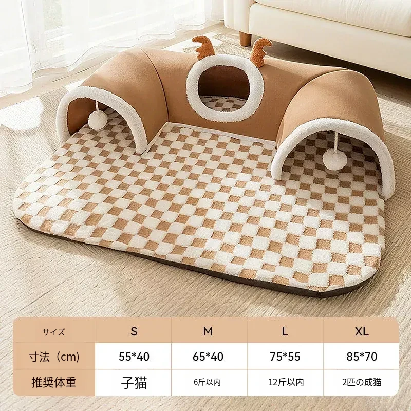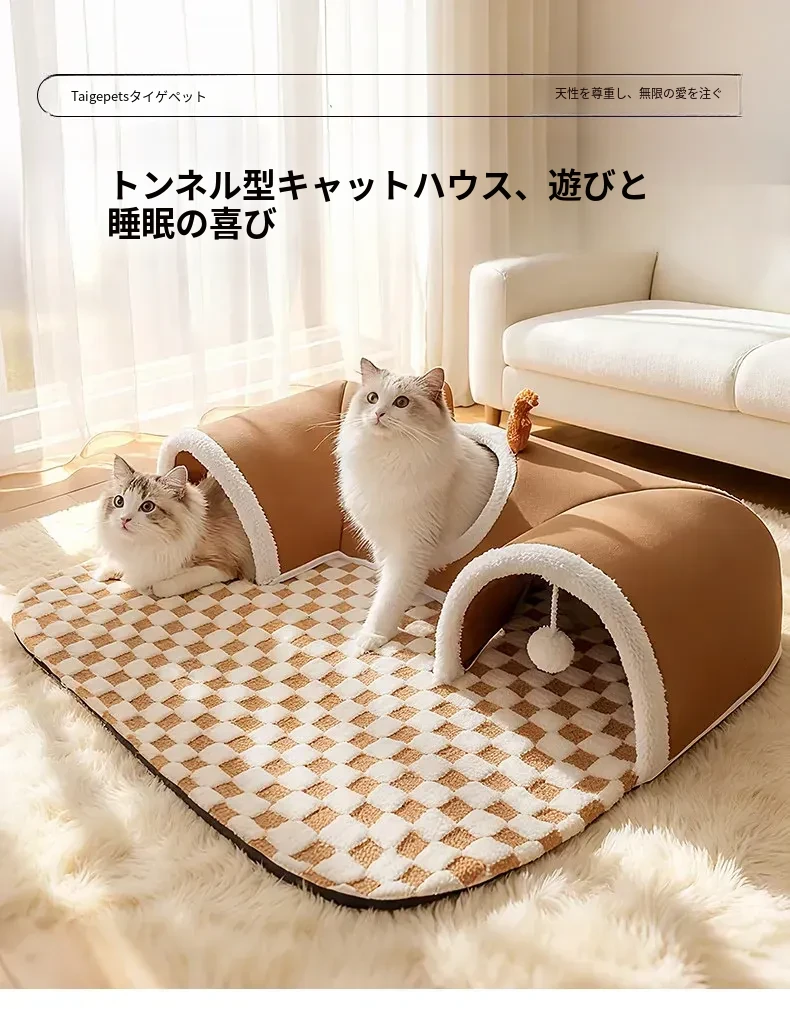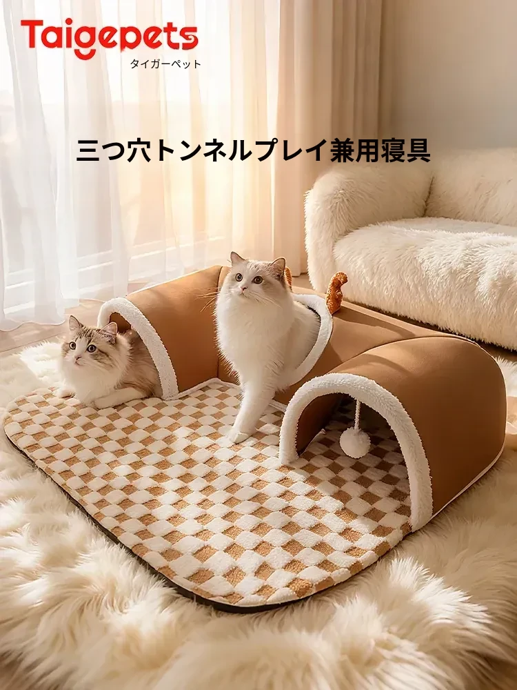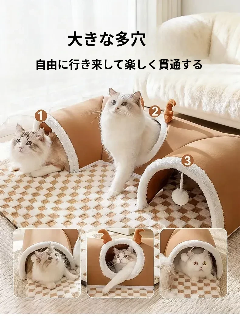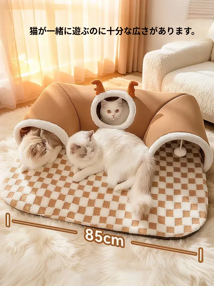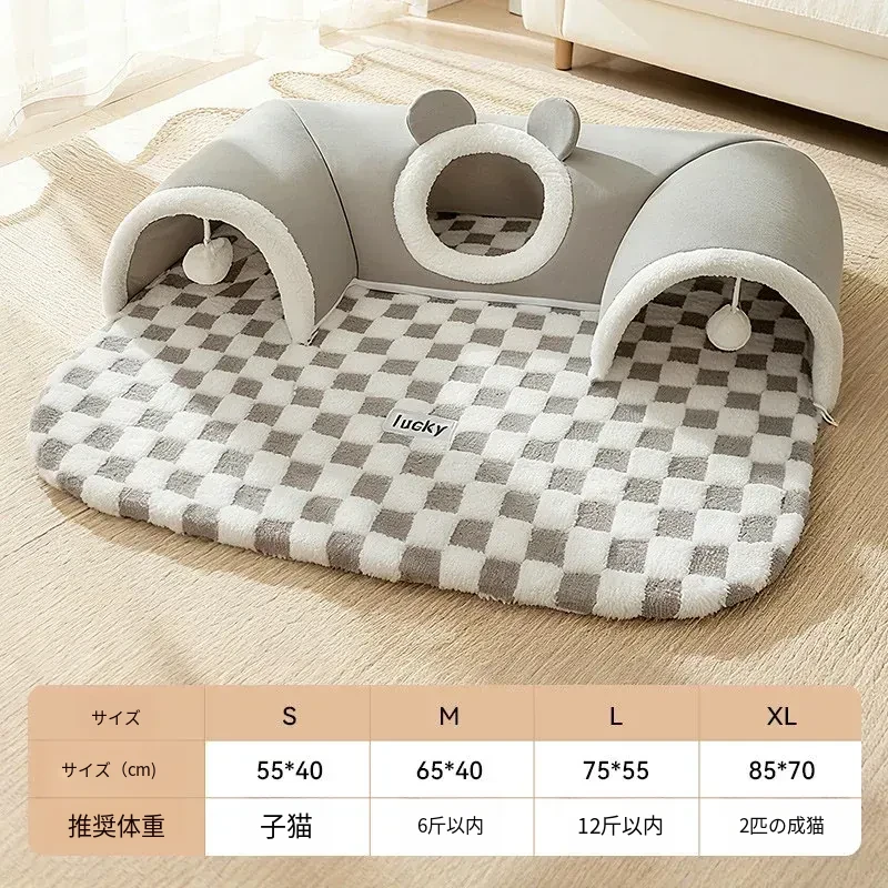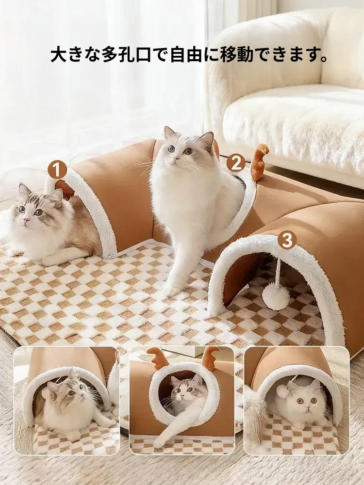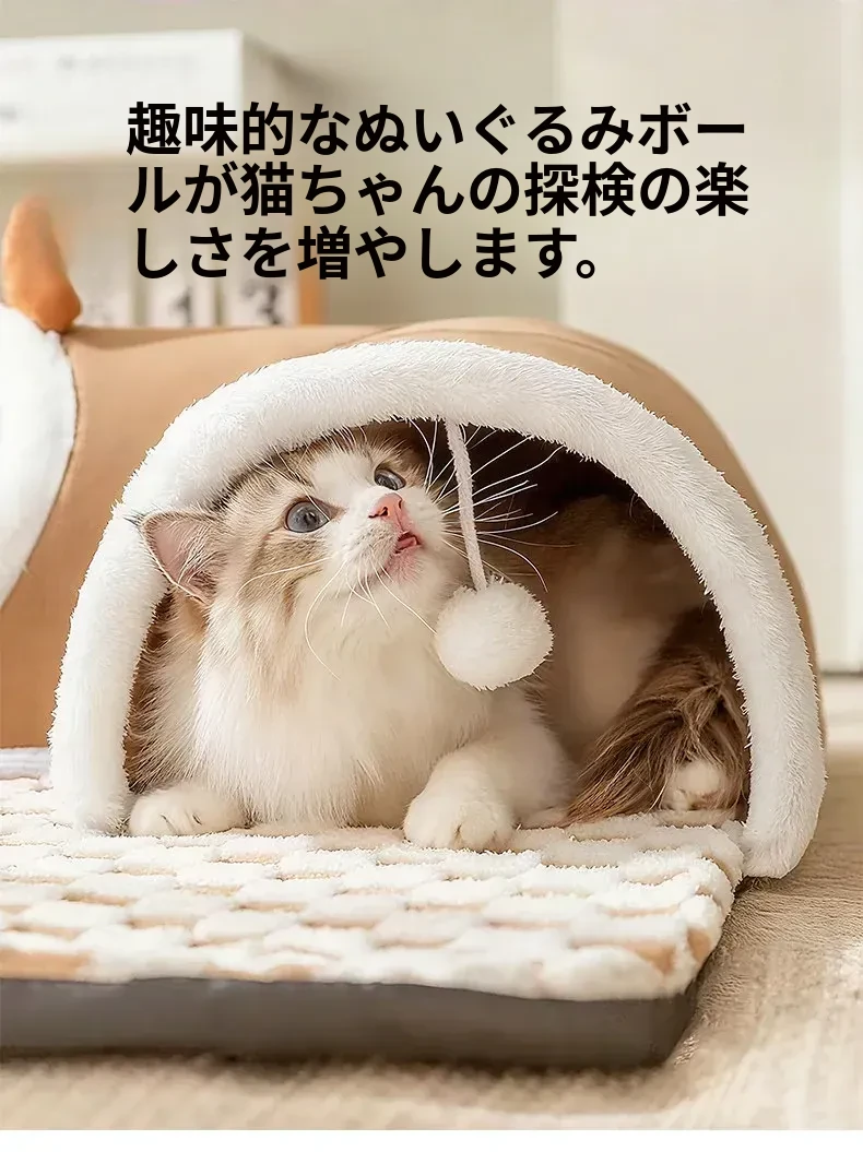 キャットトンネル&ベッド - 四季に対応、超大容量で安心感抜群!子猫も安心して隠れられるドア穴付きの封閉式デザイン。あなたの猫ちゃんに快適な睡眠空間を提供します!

+ + +

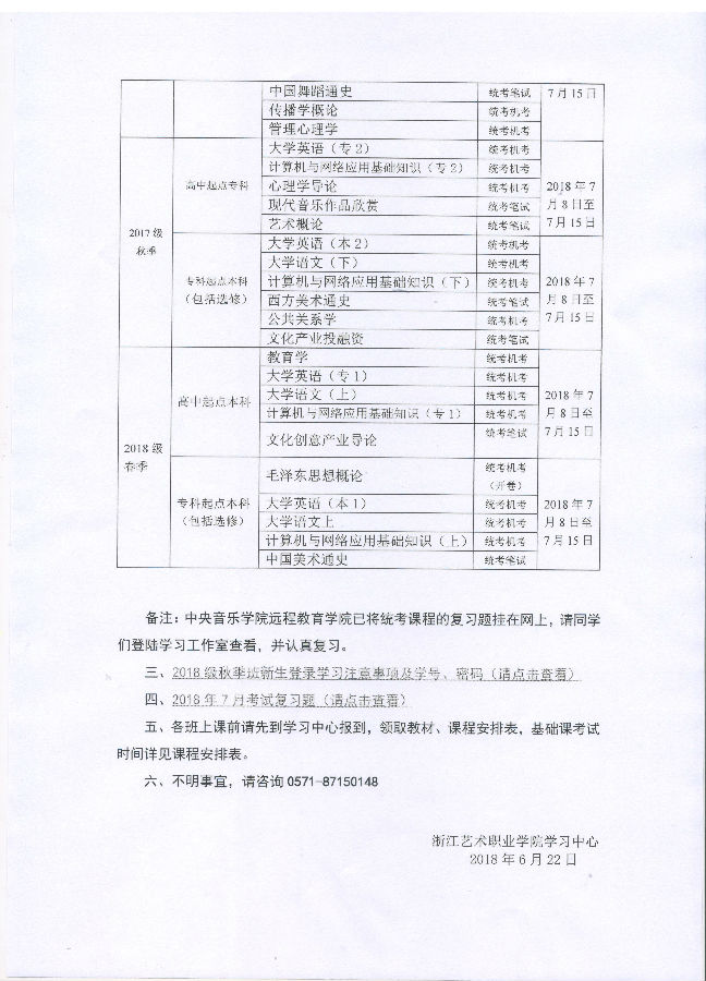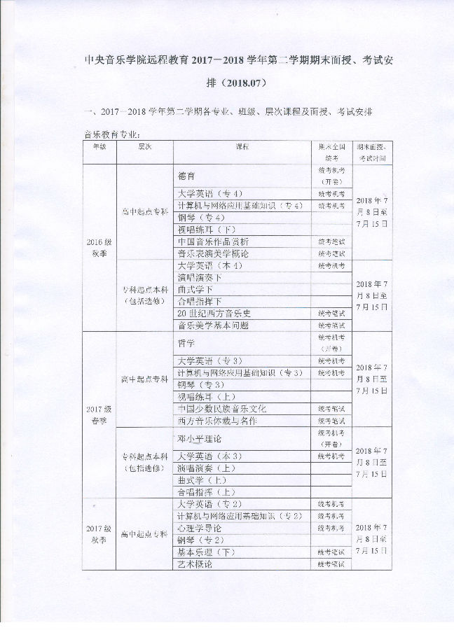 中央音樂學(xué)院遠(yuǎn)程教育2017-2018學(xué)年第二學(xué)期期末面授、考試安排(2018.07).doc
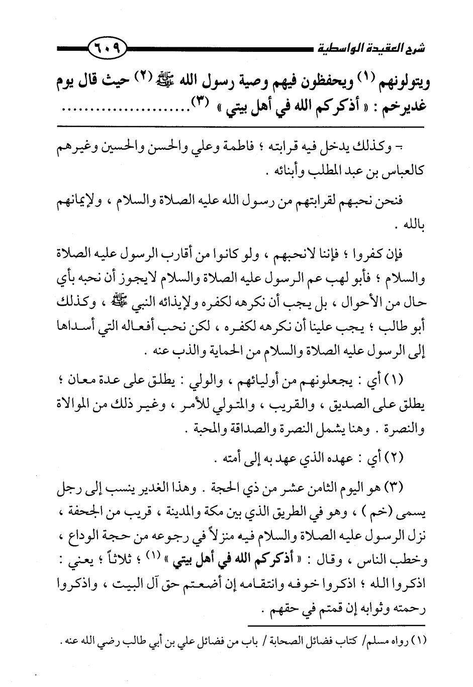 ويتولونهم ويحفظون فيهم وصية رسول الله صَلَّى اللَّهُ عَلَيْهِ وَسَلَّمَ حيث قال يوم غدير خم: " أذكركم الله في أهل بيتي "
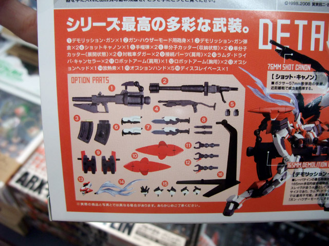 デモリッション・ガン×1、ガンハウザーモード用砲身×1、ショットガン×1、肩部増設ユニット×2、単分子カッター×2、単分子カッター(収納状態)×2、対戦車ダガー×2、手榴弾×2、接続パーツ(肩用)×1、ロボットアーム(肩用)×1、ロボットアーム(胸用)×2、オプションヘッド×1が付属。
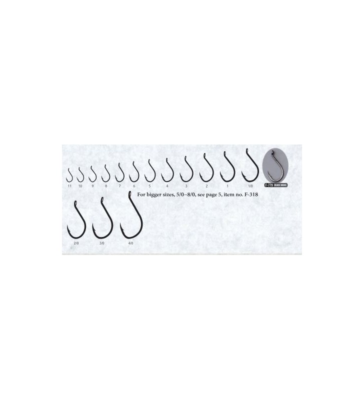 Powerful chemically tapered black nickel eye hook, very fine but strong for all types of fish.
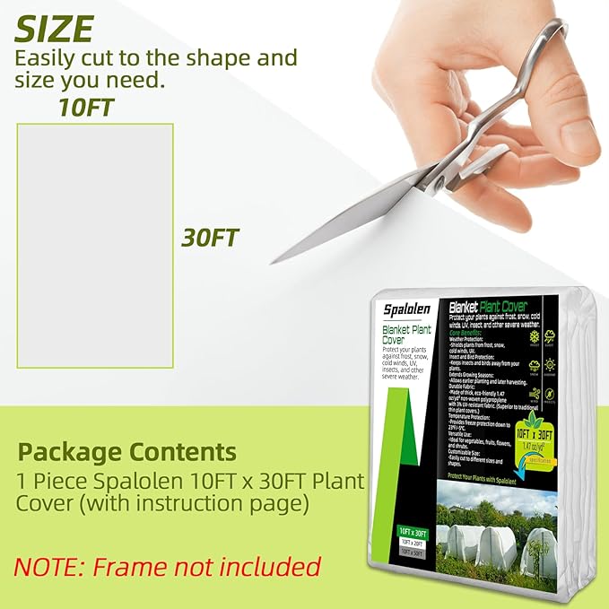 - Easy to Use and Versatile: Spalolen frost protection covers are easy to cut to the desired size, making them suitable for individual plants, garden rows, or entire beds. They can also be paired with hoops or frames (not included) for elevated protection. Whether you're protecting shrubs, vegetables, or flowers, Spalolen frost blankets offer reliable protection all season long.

+ + +

◆ What you will do ◆
Start at the line above containing "Powerful chemically tapered" and stop at the line containing "- Easy to Use": print those lines and everything between them exactly, but not the pictures.

◆ Exercise response ◆
 Powerful chemically tapered black nickel eye hook, very fine but strong for all types of fish.
 - Easy to Use and Versatile: Spalolen frost protection covers are easy to cut to the desired size, making them suitable for individual plants, garden rows, or entire beds. They can also be paired with hoops or frames (not included) for elevated protection. Whether you're protecting shrubs, vegetables, or flowers, Spalolen frost blankets offer reliable protection all season long.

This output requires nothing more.